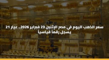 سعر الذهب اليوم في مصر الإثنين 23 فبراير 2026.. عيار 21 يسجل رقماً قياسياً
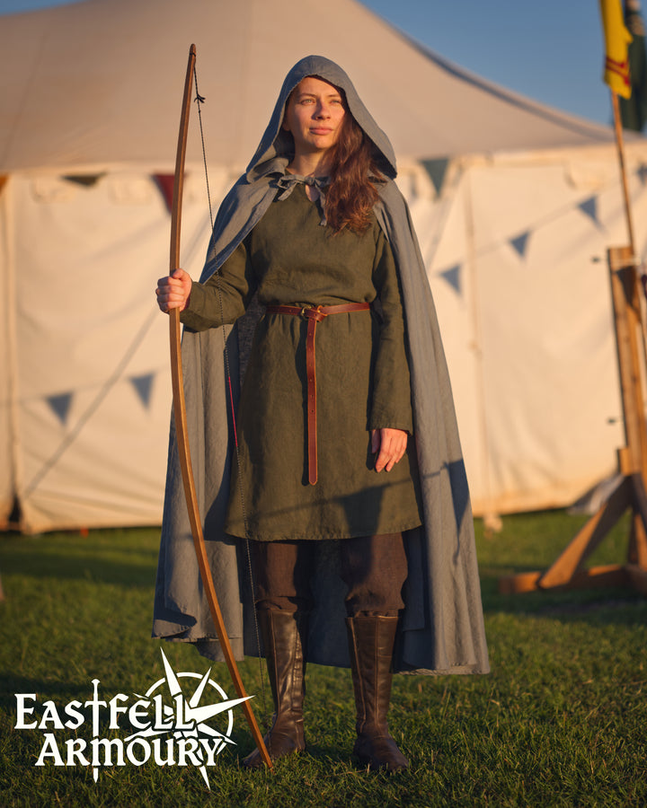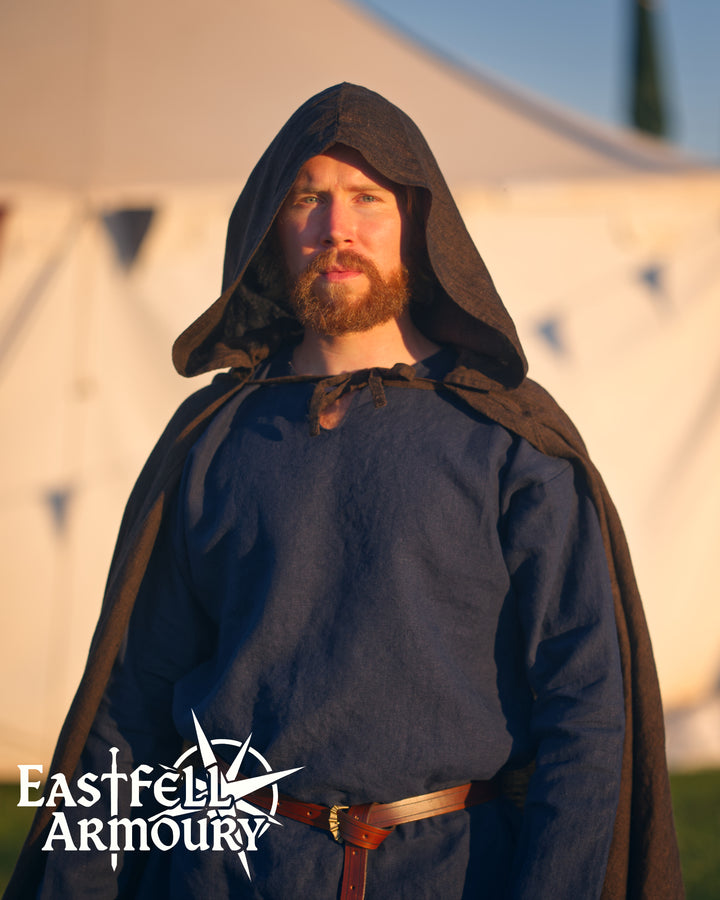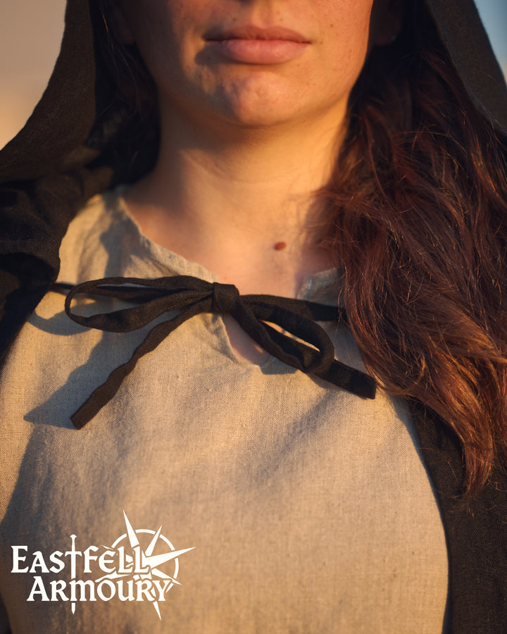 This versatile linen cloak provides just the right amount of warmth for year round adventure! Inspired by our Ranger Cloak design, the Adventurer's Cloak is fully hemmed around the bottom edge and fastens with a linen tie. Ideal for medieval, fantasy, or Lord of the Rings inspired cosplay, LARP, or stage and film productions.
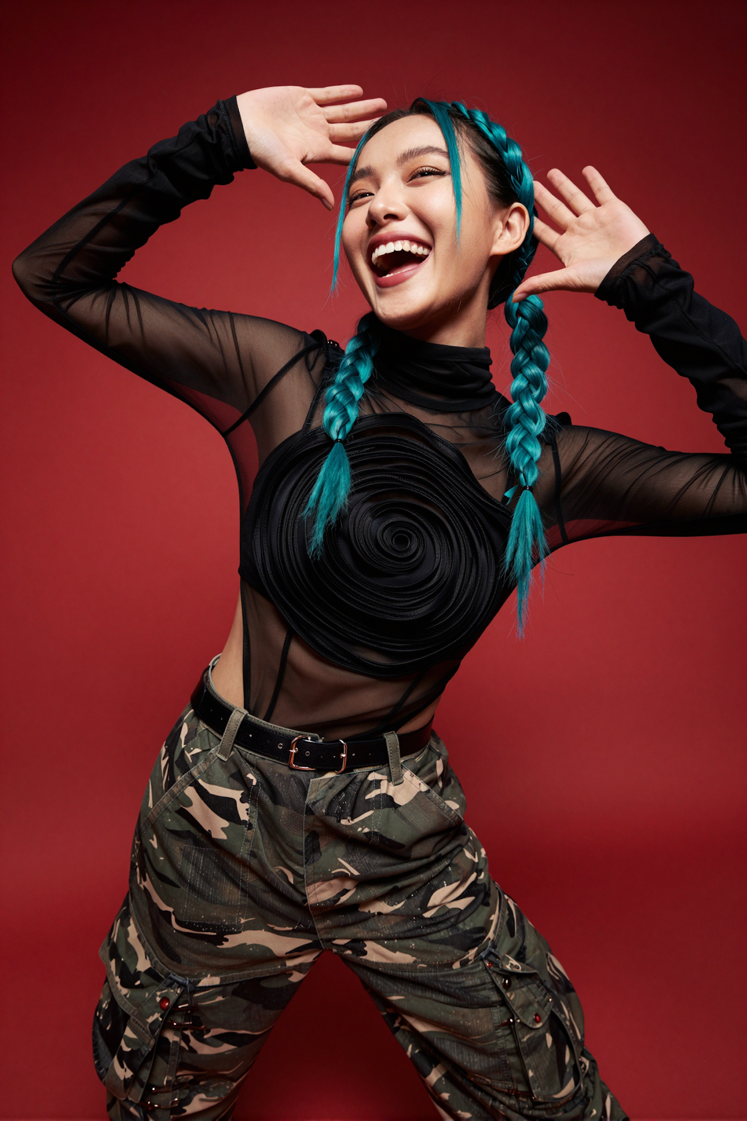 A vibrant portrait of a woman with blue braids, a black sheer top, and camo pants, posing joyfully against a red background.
● ● ● ● ● ● ●
Assigned task –
Pictures are to be left out; otherwise, copy exactly each line from the one containing "This versatile linen" through the last line of the listing.

Response for this exercise –
 This versatile linen cloak provides just the right amount of warmth for year round adventure! Inspired by our Ranger Cloak design, the Adventurer's Cloak is fully hemmed around the bottom edge and fastens with a linen tie. Ideal for medieval, fantasy, or Lord of the Rings inspired cosplay, LARP, or stage and film productions.
 A vibrant portrait of a woman with blue braids, a black sheer top, and camo pants, posing joyfully against a red background.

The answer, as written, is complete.